I fain would exercise stern self-control,

Sons, wealth, and cattle cannot charm my soul.

“Ten decades has this mortal life, which each to each succeed,

This limit reached, man withers fast like to a broken reed.

“Then what is pleasure, what is love, wealth-hunting what to me?

What sons and daughters? Know, O King, from fetters I am free.

“For this is true, I know it well—death will not pass me by,

And what is love, or what is wealth, when you must come to die?

“The lowest race that go upon two feet

Are the Caṇḍālas, meanest men on earth,

When all our deeds were ripe, as rewards meet

We both as young Caṇḍālas had our birth.

“Caṇḍālas in Avanti land, deer by Nerañjara,

Ospreys by the Nerbudda, now brahmin and Khattiya.”

Having thus made clear his low births in the past, likewise here in this birth he declared the impermanency of things created, and he recited four stanzas to arouse an effort:

“Life is but short, and death the end must be,

The aged have no hiding where to flee.

Then, O Pañcāla, what I bid you, do.

All deeds which grow to misery, eschew.

“Life is but short, and death the end must be,

The aged have no hiding where to flee.

Then, O Pañcāla, what I bid you, do.

All deeds whose fruit is misery, eschew.

“Life is but short, and death the end must be,

The aged have no hiding where to flee.

Then, O Pañcāla, what I bid you, do,

All deeds that are with passion stained, eschew.

“Life is but short, and death the end must be,

Old age will sap our strength, we cannot flee.

Then, O Pañcāla, what I bid you, do,

All deeds that lead to lowest hell, eschew.”

The King rejoiced as the Great Being spoke and repeated three stanzas:

“True is that word, O brother! which you say,

You like a holy saint your words dictate,

But my desires are hard to cast away,

By such as I am, they are very great.

“As elephants deep sunken in the mire

Cannot climb out, although they see the land,

So, sunken in the slough of strong desire

Upon the seekers path I cannot stand.

“As father or as mother would their son

Admonish, good and happy how to grow,

Admonish me how happiness is won,

And tell me by which way I ought to go.”

Then the Great Being said to him:

“O lord of men! You cannot cast away

These passions that are common to mankind,

Let not your people unjust taxes pay,

Equal and righteous ruling let them find.

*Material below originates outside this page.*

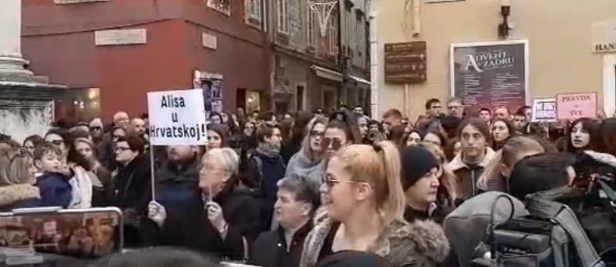 U organizaciji Građanske inicijative "Protiv pravosuđa koje štiti nasilnike" danas u 15 sati na Narodnom trgu u Zadru održan je prosvjed građanki i građana povodom brutalnog premlaćivanja djevojke koje je počinio Darko Kovačević Daruvarac.

“Send messengers to north, south, east, and west

The brahmins and ascetics to invite,

Provide them food and drink, a place to rest,

Clothes, and all else that may be requisite.

“Give them the food and drink that satisfies

Sages and holy brahmins, full of faith,

Who gives and rules as well as in him lies

Will go to heaven all blameless after death.

“But if, surrounded by your womankind

You feel your passion and desire too strong,

This verse of poetry then bear in mind

And sing it in the midst of all the throng.

"No roof to shelter from the sky, amid the dogs he lay,

His mother nursed him as she walked, but he’s a king to-day.”

Such was the Great Being’s advice. Then he said, “I have given you my counsel. And now become a recluse or not, as you think fit. But I will inherit the result of my own deeds.” Then he rose up in the air and shook off the dust of his feet over him. Then he departed to the Himalaya Mountains.

The King is impressed

Figure: The King is impressed

The King saw this. He was greatly moved. And relinquishing his kingdom to his eldest son, he called out his army. He set his face in the direction of the Himalaya Mountains. When the Great Being heard of his coming, he went with his attendant sages and received him. He ordained him into the holy life. He taught him how to attain samadhi. He developed the bliss of meditation. And thus, these two together became destined for Brahma’s world.


When the Master had ended his discourse, he said, “Thus, brothers, wise men of old continued to be firm friends through the course of three or four existences.” Then he identified the birth: “At that time Ānanda was the wise Sambhūta, and I was the wise Citta.”